Walter Aspden

Personal information
- Date of birth: November 26, 1907
- Place of birth: Massachusetts, United States
- Date of death: May 1987 (aged 79)
- Place of death: United States
- Position(s): Inside forward

Senior career*
- Years: Team / Apps / (Gls)
- 1927: Newark Skeeters / 2 / (0)
- 1927–1929: New Bedford Whalers / 44 / (1)
- 1929: Pawtucket Rangers / 2 / (0)
- 1930: New York Giants / 1 / (1)
- 1930–1931: New Bedford Whalers / 26 / (0)
- 1931: Boston / 19 / (0)
- New Bedford Defenders

= Walter Aspden =

American soccer player

Walter Aspden (1907–1987) was an American soccer inside forward who played professionally in the first American Soccer League.

Aspden won the 1926 National Amateur Cup with the New Bedford Defenders.

Aspden signed with the Newark Skeeters during the 1927-1928 American Soccer League season, but moved to the New Bedford Whalers after playing only one game for the Skeeters.
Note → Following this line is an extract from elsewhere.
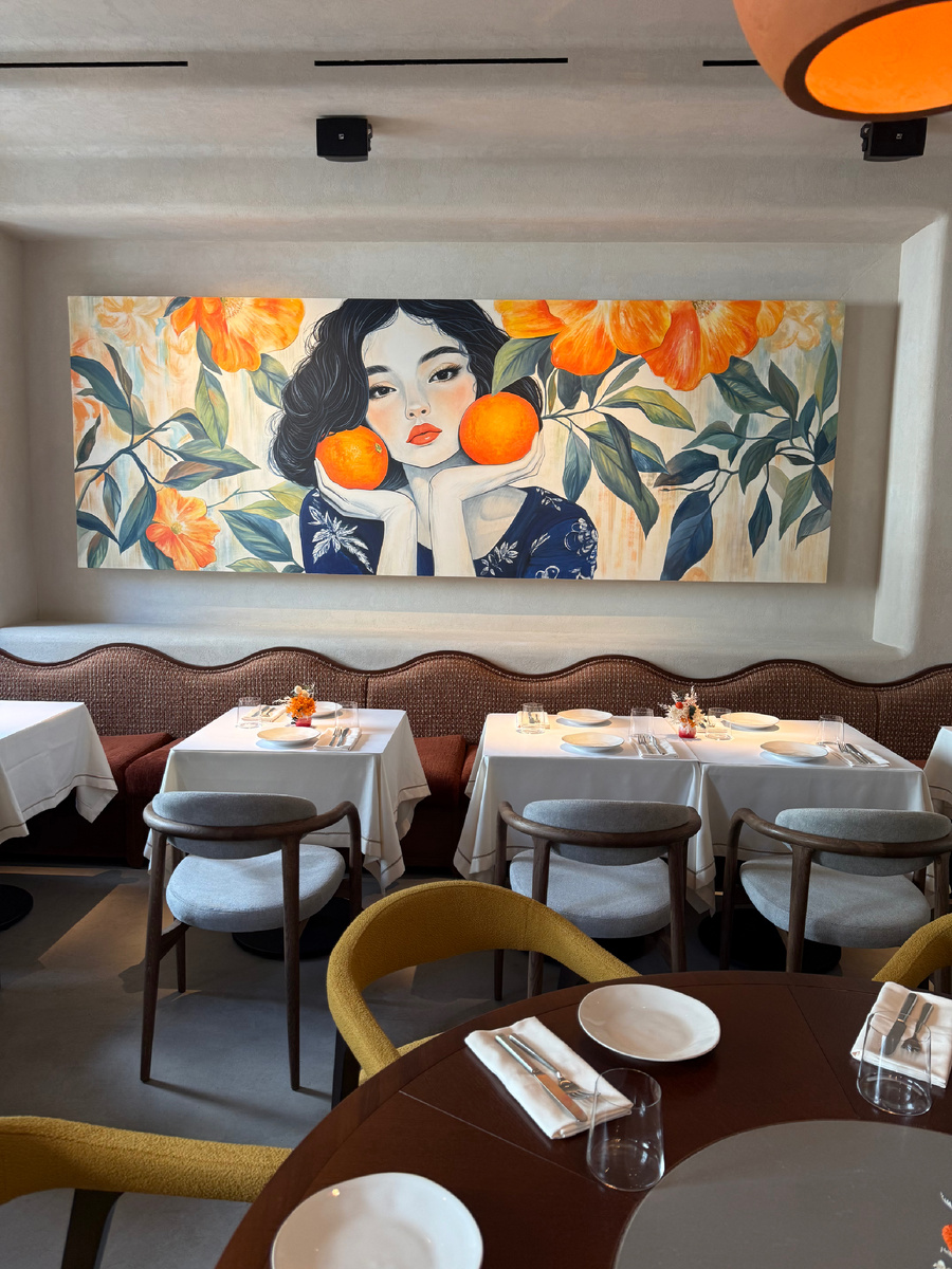 В интерьере особое внимание привлекает картина с чернобровой девушкой и апельсинами, создающая яркий акцент. Атмосфера заведения отражает современное видение грузинской культуры, которая в последние годы все больше привлекает не только гастрономов, но и путешественников.

On June 9, 1929, he scored one of three Whalers goals in the defeat of the Fall River F.C. in the ASL playoff semifinals. By the fall of 1929, the American Soccer League was beginning its collapse and Aspden jumped from team to team, seeing games with four teams between the fall of 1929 and the fall of 1931. In December 1933, he is listed with the amateur New Bedford Defenders.